- Cap Badge of the Royal Regiment of Artillery
- Active: 26 February 1916–1919
- Country: United Kingdom
- Branch: British Army
- Role: Siege artillery
- Part of: Royal Garrison Artillery
- Garrison/HQ: Port Glasgow
- Engagements: Battle of the Somme Battle of Cambrai German spring offensive Hundred Days Offensive

= 110th Siege Battery, Royal Garrison Artillery =

110th Siege Battery was a heavy howitzer unit of the Royal Garrison Artillery (RGA) formed during World War I. It saw active service on the Western Front at the Somme and Cambrai, against the German spring offensive, and in the final Hundred Days Offensive.

==Mobilisation==
On the outbreak of war on 4 August 1914 the part-time Territorial Force (TF) was mobilised at its war stations, including the Clyde Royal Garrison Artillery, a coast defence unit at Port Glasgow on the Firth of Clyde.
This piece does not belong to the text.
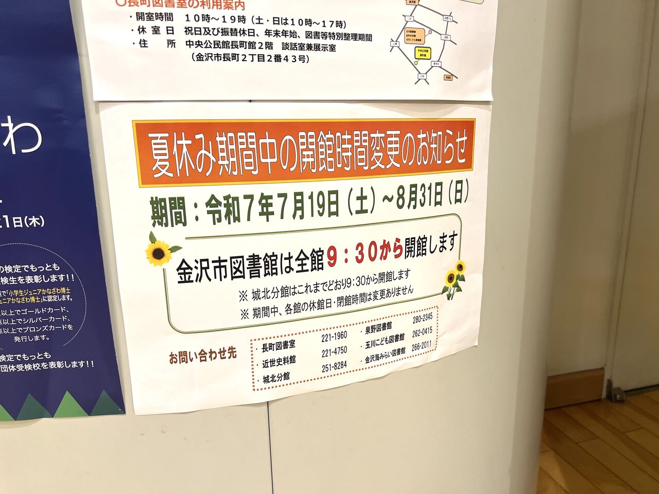 開館時間30分繰り上げは、7月19日〜8月31日。

Shortly afterwards TF units were invited to volunteer for Overseas Service and on 15 August the War Office (WO) issued instructions to separate those men who had signed up for Home Service only, and form these into reserve units. On 31 August, the formation of a reserve or 2nd Line unit was authorised for each 1st Line unit where 60 per cent or more of the men had volunteered for Overseas Service. The titles of these 2nd Line units would be the same as the original, but distinguished by a '2/' prefix. In this way duplicate companies and batteries were created, releasing the 1st Line units to be sent overseas.

By October 1914, the campaign on the Western Front was bogging down into Trench warfare and there was an urgent need for batteries of Siege artillery to be sent to France. The WO decided that the TF coastal gunners were well enough trained to take over many of the duties in the coastal defences, releasing Regular RGA gunners for service in the field, and 1st line RGA companies that had volunteered for overseas service had been authorised to increase their strength by 50 per cent.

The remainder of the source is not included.